Hilary Clinton and Donald Trump (of all people), were the two candidates we were left with for the 2016 election. It was appalling. How in the world had we come to this? By the Democrats radical social agenda and the Republicans dragging their feet to stop it. Hilary made it crystal clear, as did the Democratic Party that abortion was one of its leading planks – the dismemberment and killing of innocent, unborn children, was a “right” that would not be denied in America and we were hell bent on tying foreign aid to the adoption of the same. Donald Trump said what he thought and didn’t care about backlash. I disliked (to put it mildly), both candidates, but I believed that the time had come that I had to vote, even though I had no one I really wanted to vote for. I could not remain silent in the face of ever stronger identity politics and the killings, now being pushed abroad.
Shaking my head in disbelief over what I was about to do, I prepared to vote for Donald Trump. How could this be; I found him so vulgar? But the alternative was to vote for someone who had no respect for us, the Deplorables, no respect for life, and who vowed to take that policy around the world and force it on smaller, weaker countries, should she be elected. Besides, she and the media were so smug. So, on election day, I held my nose and voted; not for someone, but rather against something worse.
There has been no way to discuss this with a leftist since. At one point, shortly after the election, while I was at the break table at the university for which I worked, with a group who assumed everyone there would have voted for Hilary and shared their complete disgust with anyone who had not, I suggested that perhaps there was a reason someone might have voted for Trump. I was shouted down. When I got up to leave, I was accused of not wanting to discuss the issue, but when I sat back down the hue and cry began again as everyone got up to leave. I never got a chance to say why I thought that might be the case. Only a bigoted idiot would think that, and nobody wanted to hear from her! I have no idea if anyone there agreed with me, they knew better than to say so.

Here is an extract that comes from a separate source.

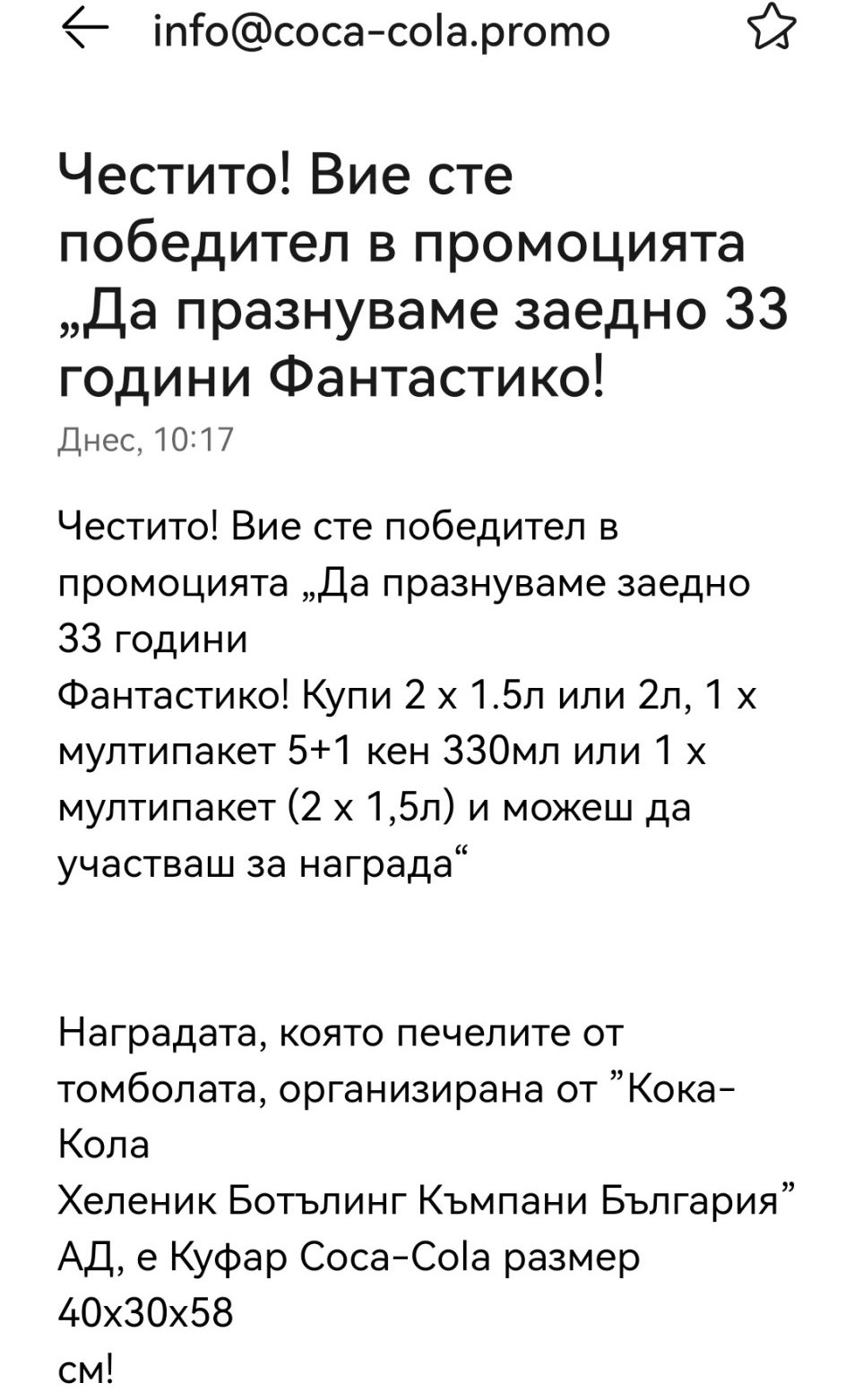 Честито! Вие сте победител в промоцията „Да празнуваме заедно 33 години Фантастико! Купи 2 х 1.5л или 2л, 1 х мултипакет 5+1 кен 330мл или 1 х мултипакет (2 х 1,5л) и можеш да участваш за награда“

That is why I voted for Trump. This year I’m voting for Trump because I am impressed with what he has done:
· Nominated Federal Judges to uphold, not dictate the constitution
· Forced China to stop taking advantage of the United States in trade
· Ended the war with ISIS
· Ended the terrible deal Obama made with Iran
· Made numerous positive Executive moves to oppose abortion
· Re-negotiated NAFTA
I am humbled by my past assumptions.
I pray for his fast and complete recovery from the COVID-19.